With the continuous enhancement of the operation of the socialist market economy system, the financing of funds plays an increasingly important role [1]. The market for the national (regional) economic development and financial stability of the building has made an invaluable contribution [2]. At the level of modern economics, financial markets level to promote rapid economic development of a country or region to some extent. Reference [3]. However, it is very difficult to predict and judge the trend of financial market operation [4]. Financial business contains a lot of information processing tasks, and the effective use of information plays a very important role [5, 6].

Due to the rapid development of information science and computer network technology, interdisciplinary research has promoted interdisciplinary integration [7]. Many people use many other research methods to study financial market predictions, but this is very difficult [8]. The imperfection of the existing financial market theory limits its prediction space [9]. Global financial markets are linked to the particularity of the forecast time span.
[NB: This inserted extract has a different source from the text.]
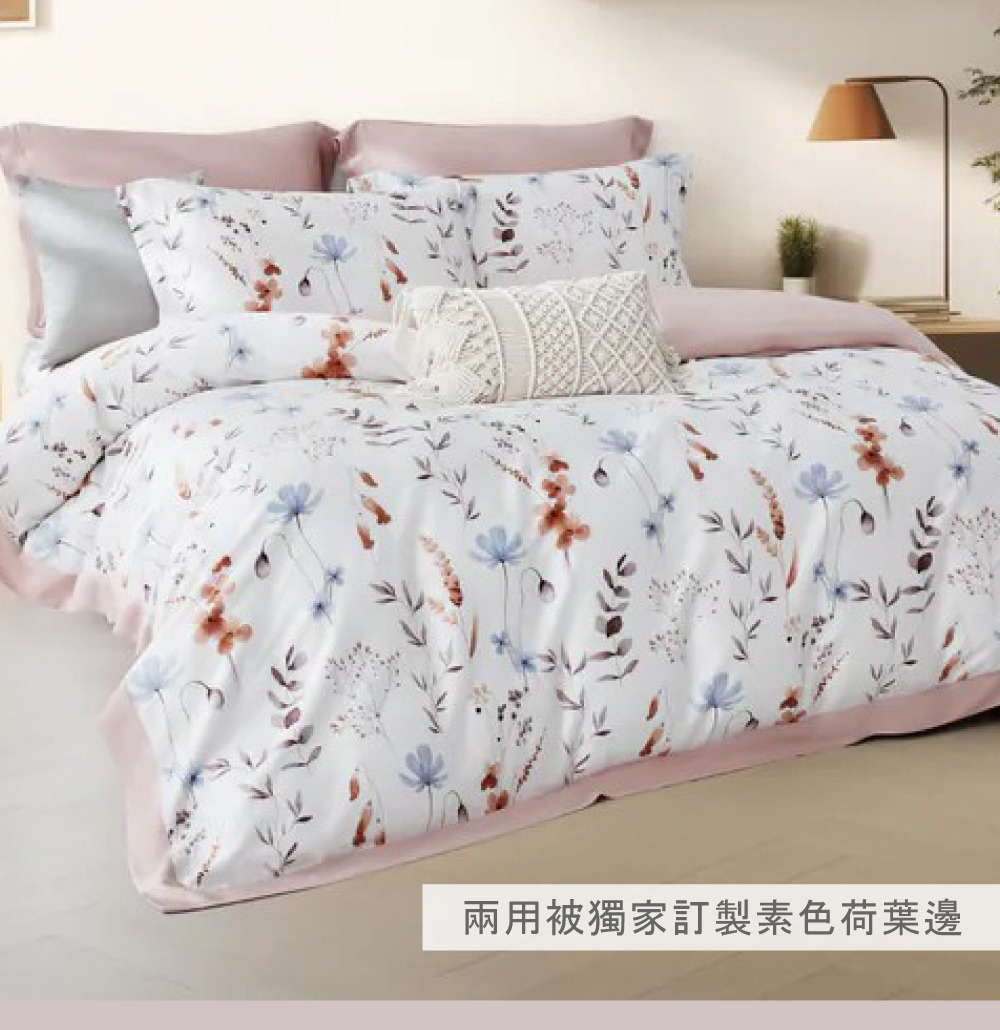 60支天絲™ 100%萊賽爾|兩用被床包組【花晨讀敘】有荷葉邊

This connection can be challenging for the financial market forecasts [10]. Many improved methods and technologies as well as new specialties have been used in the prediction of financial markets [11]. Among them, artificial neural networks that simulate the human brain have strong self-learning capabilities. It is often used by everyone in imitating the financial system and forecasting financial markets. And it is loved in stock market analysis [12].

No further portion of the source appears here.